Yesterday, David Einhorn offered up a bearish take on Athenahealth (ATHN)–even calling it a “bubble stock”–at the Sohn Conference. Today its shares are paying the price, even as analysts try to support the stock.
REUTERSThe defense calls Leerink’s David Larsen and Chris Abbott:
We continue to be positive on shares of [Athenahealth], as (1) we believe [Athenahealth], is a true cloud-based HCIT company with deep functionality, (2) while [Athenahealth], also provides a service, this is a very unusual and complicated service that is performed in conjunction with a very sophisticated EMR and billing and AR solution, (3) Epic clearly dominates upstream but we believe there is plenty of room in the community hospital space for [Athenahealth], to win share, (4) [Athenahealth], clearly chooses to reinvest revenue growth back into the business, in order to be able to maintain ~25% y/y top-line growth. We remain positive on [Athenahealth], and our checks indicate that although we’re moving through the stimulus program, there is still a significant professional EMR replacement market opportunity. The HITECH Act may have been signed into law in early 2009, but healthcare reform – in our view – will last for decades.

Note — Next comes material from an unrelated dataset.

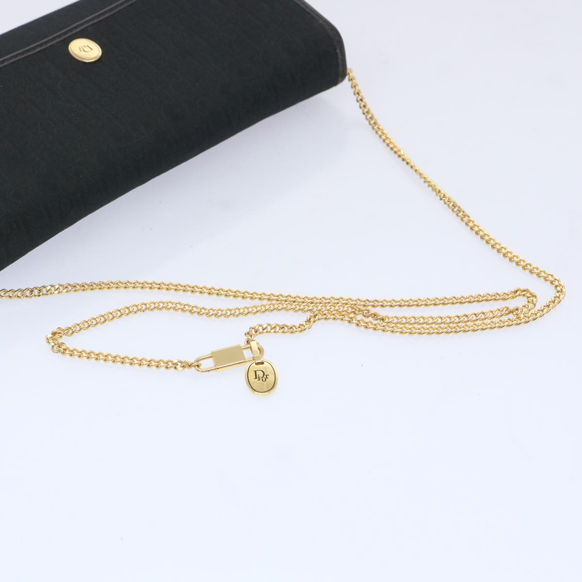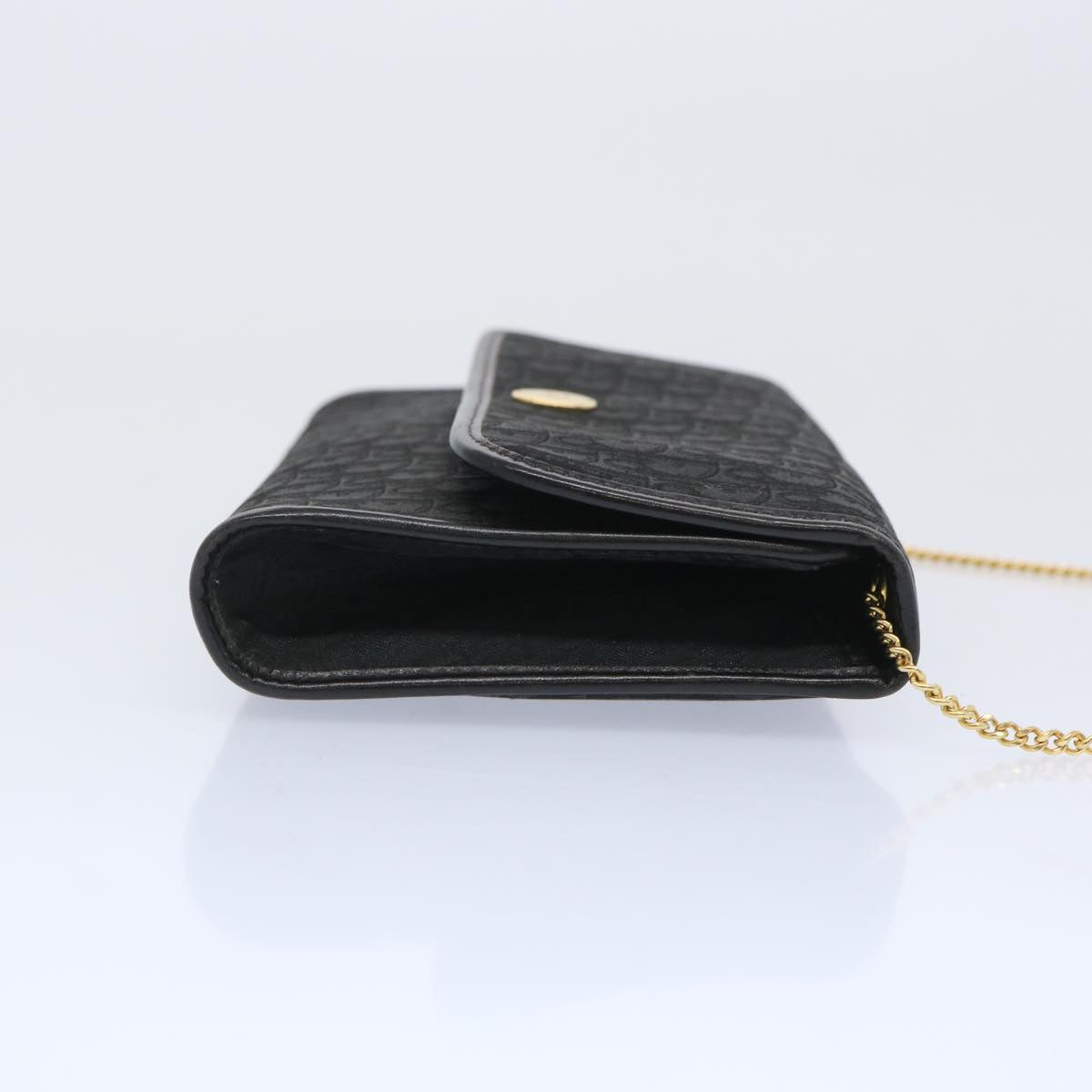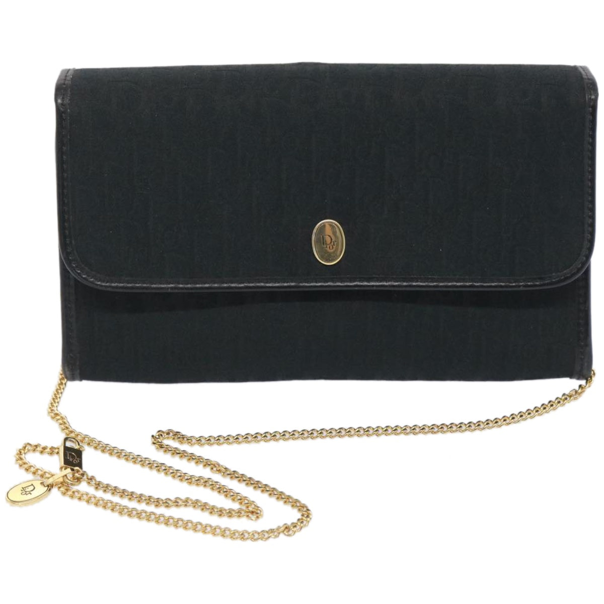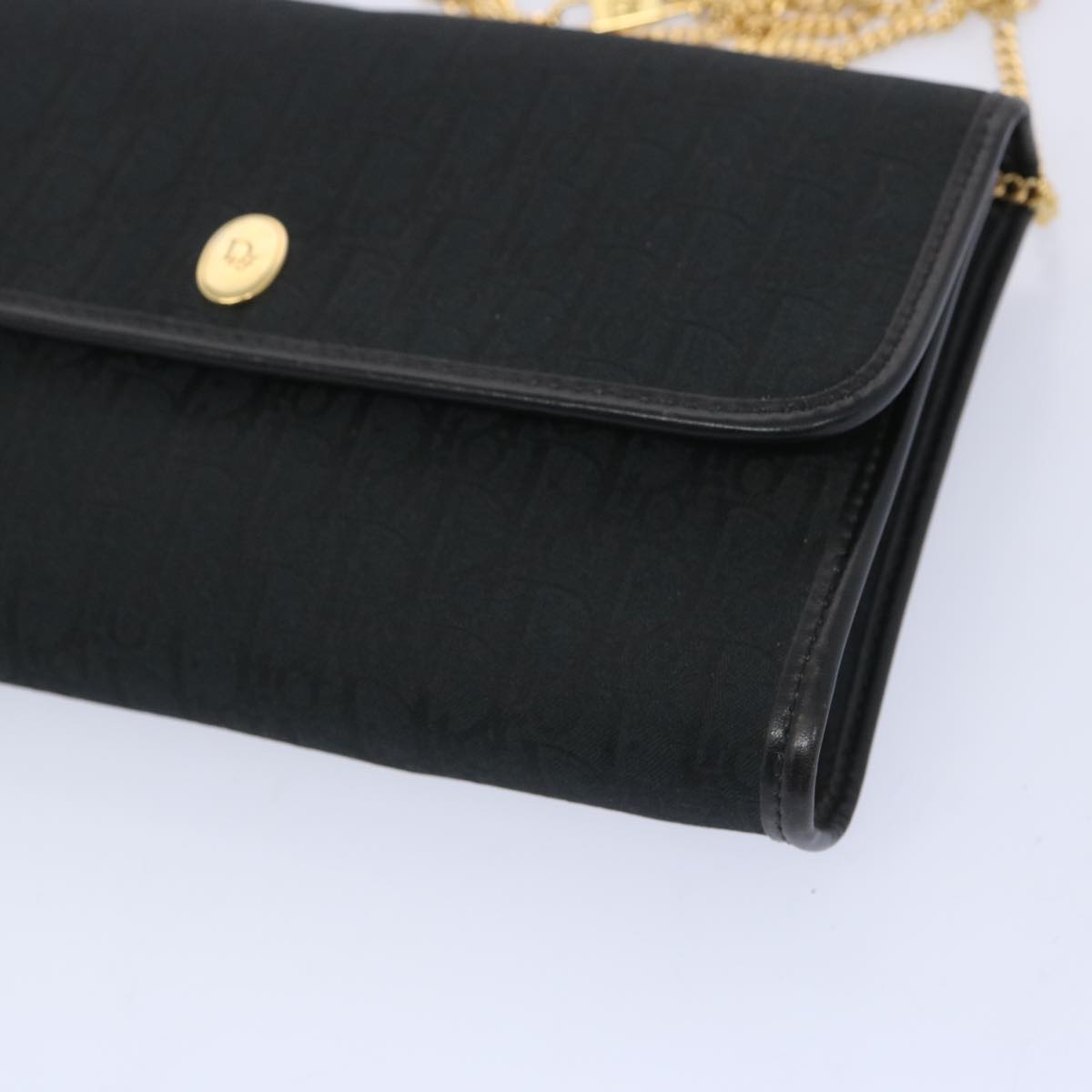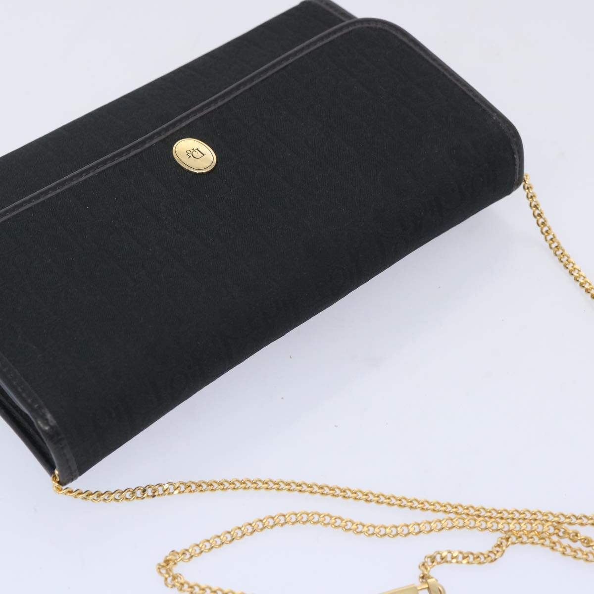 CHRISTIAN DIOR Trotter Canvas Chain Shoulder Bag Black Auth ep3240

Citigroup’s Garen Sarafian thinks Einhorn is wrong about Athenahealth’s margins:
Einhorn mentioned operating margin estimates are too high and that similar companies to Athenahealth have margins around 10%. Our expectations aren't that much higher, as we estimate Athenahealth will finish 2014 with adjusted operating margins of 10.3%, increasing to 11.4% and 12.0% in 2015 and 2016, respectively. While we expect some margin expansion, our absolute margin levels are in-line with other [software-as-a-service] peers 2014E operating margins including: Medidata (MDSO) at 8.9%, Salesforce.com (CRM) at 10.3%, and LinkedIn (LNKD) at 13.8%. While not expecting significant margin expansion in the near term, we expect Athenahealth's margins to expand in the future, driven by declining marginal costs associated with adding additional providers to its user base. Additionally, as the top-line growth slows, we expect the company to cut back on its investments, allowing earnings to flow through the bottom line.
Shares of Athenahealth have plunged 15% to $107.98 at 2:41 today, while Medidata Solutions has fallen 4.6% to $36.86, salesforce.com has dropped 3.1% to $51.99 and LinkedIn has declined 5.2% to $142.95.